We are looking for curious and motivated colleagues to turn our vision into a reality. All positions are 100% remote with no on-site requirements of any kind. We are currently looking for:

  - Javascript/frontend developers
  - Designers
  - Backend developers
Interview process: phone call, "take-home" exercise, interview with each founder separately, reference checks, and offer (can be done in less than a week)

If interested, please reach out to hire@himodus.com


Do you hire outside of US? what about Europe?


Are there alternatives to the "take home exercise"?

I've had several bad experiences with those where I waste dozens of hours of my own time only to be rejected or have to decline the offer shortly afterwards.

So now I pretty much don't apply anywhere that uses take home projects in the interview process.


I very much understand your sentiment. Unfortunately we haven't found any other functional way to achieve the same goal.

I am not sure about other firms, but we personally look for how the candidate thinks about the problem more than anything. Did they handle exceptions well. Are they focusing on efficiency, readability, speed, or?

We found out that from a simple assignment that shouldn't take more than 30 min, we learn more than sitting with the person for hours. Plus they can do at their own pace without someone breathing down on their neck.


If the assignment really only takes 30 minutes, why can't it be a live call if the candidate wants?

whether you like it or not, take home assignments just select for the people who can spend the most time on take home assignments.

Which means people like me who have a current job and a family and can't afford to spend several hours on a coding test to make sure they're above and beyond the competition either won't apply, or will send in results that will be much often worse than the competition because we actually only spent 30 minutes on it.


I understand your sentiment and makes sense.

Unfortunately, majority of candidates are interested in the take home challenge over doing live coding session. And we optimize for the widest reach.

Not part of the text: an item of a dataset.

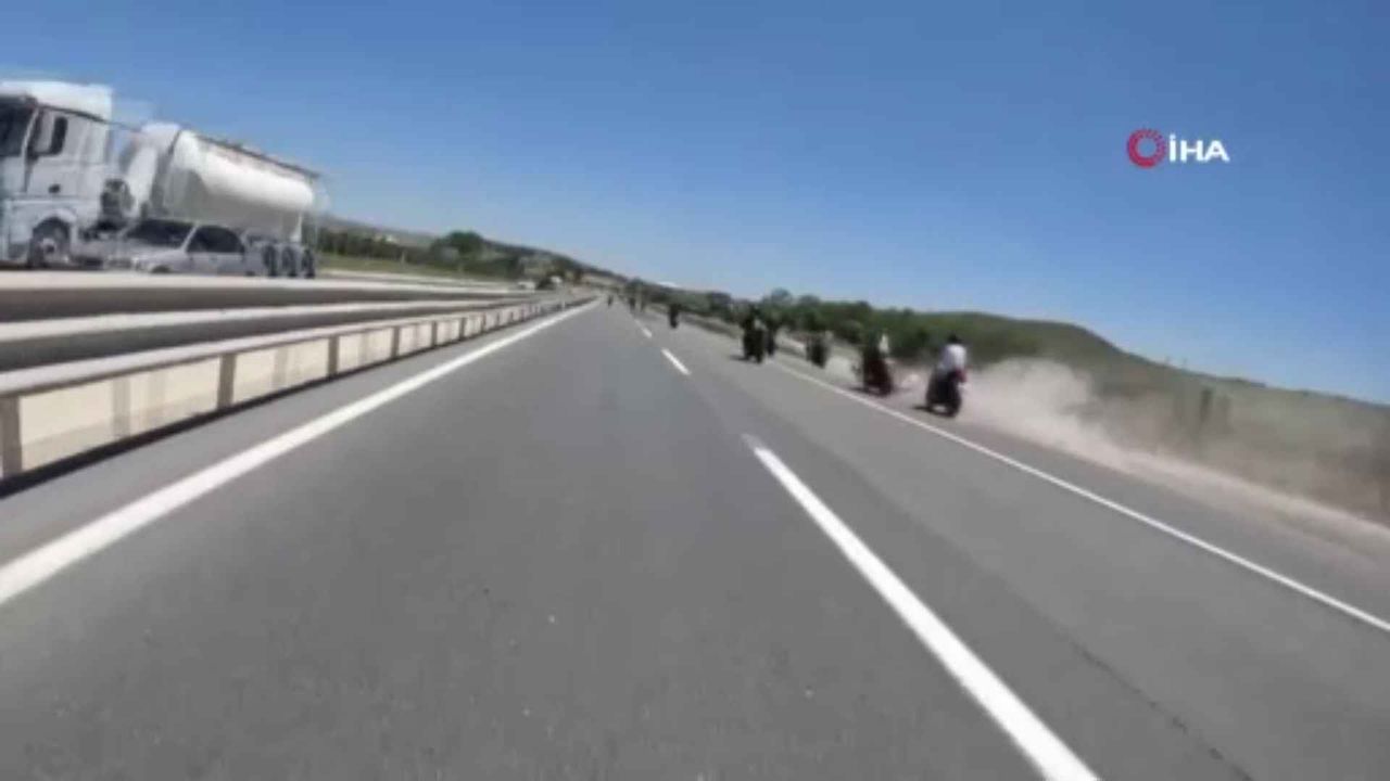 Çatalca’da zaman zaman trafikte tek teker üzerinde ilerleyen motosikletli gruptaki bir sürücü virajı alamayarak devrildi. Bir başka sürücü de hareket halindeki diğer motosiklete çarparken, kazada 2 kişi yaralandı. Kaza anı kameraya yansıdı.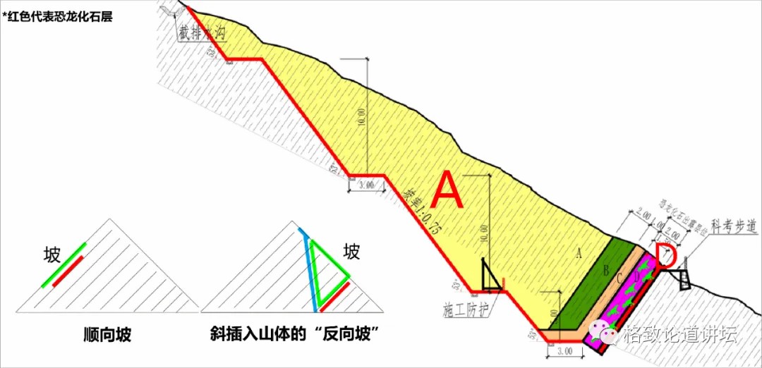 发现后,我们向自然资源部申请发掘工作。恐龙化石埋藏在地层中,地层是什么样子的?就跟书本一样是一层一层的,我们想把这个恐龙化石发掘出来,就必须把盖层剥掉。地层经过亿万年的地壳运动,很多恐龙化石是被深埋在地下的,云阳就是这样的情况。这里的恐龙化石是埋得非常的深,因为地壳运动使这儿的地层倒立起来了,只有一个断面露出来。所以我们想把这个恐龙化石,就是图上右下侧这个红色的面,把它揭出来。

In regards of the results, I can't speak for others, but I write code for 26 years. What I look for is how the candidate thinks of the problem. Here is one of my favorite exercises [0]. I would obviously love to do this live but people get super nervous and stop thinking. I then have tendency to help them too much and learn much about them.

[0] https://news.ycombinator.com/item?id=39263923


Do you really get people who "handle exceptions" and "focus on efficiency, readability, speed" in a 30 min take home exercise?

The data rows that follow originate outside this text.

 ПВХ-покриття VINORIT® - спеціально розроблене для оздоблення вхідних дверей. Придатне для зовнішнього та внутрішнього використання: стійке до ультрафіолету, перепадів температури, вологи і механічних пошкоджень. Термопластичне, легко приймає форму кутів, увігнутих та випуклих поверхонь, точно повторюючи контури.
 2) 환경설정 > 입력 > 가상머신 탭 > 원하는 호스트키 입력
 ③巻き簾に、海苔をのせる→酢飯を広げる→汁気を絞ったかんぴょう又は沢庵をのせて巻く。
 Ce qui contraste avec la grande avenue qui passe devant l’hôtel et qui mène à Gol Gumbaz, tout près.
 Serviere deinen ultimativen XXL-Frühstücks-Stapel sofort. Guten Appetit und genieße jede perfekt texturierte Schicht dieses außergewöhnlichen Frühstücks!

Let me give you an exercise I really like for this.

Imagine a file with endless list of URLs. For each URL check if it contains an image. If it does, identify the top 6 colors and store it memory so it can be printed/stored later.

In something like python this can be as short as 20 lines of code: - open the file - read line by line - validate if the URL is valid - call the URL - check if it's image - if image, read pixel by pixel and check the color - store it in dictionary/hashmap

Here is what I look for: - does it compile/work? - what language did you choose? (like python is fast to write this in few lines but hard to introduce concurrency) - have you introduced some kind of caching for the URLs? (so you don't waste resources) - are you checking if the URL is valid or you just run them all and wait for errors/timeouts? - are you checking the file type from HTTP header or body of the file? - how do you handle errors? - are you attempting concurrency? If yes, how?

I actually done this exercise myself in dozen or so languages to see what choices I make based on the language. Obviously one can spend significantly more time on it if they really desire, but the design choices are visible from the beginning.


What's the desired tech stack for a Backend dev role?


Honestly someone who understands the environment they are developing in. I don't care about the language as much as I care about understanding the choice they make.

But ultimately we are using SQL, queue, concurrency, single tenancy and monolith (few to none micro services).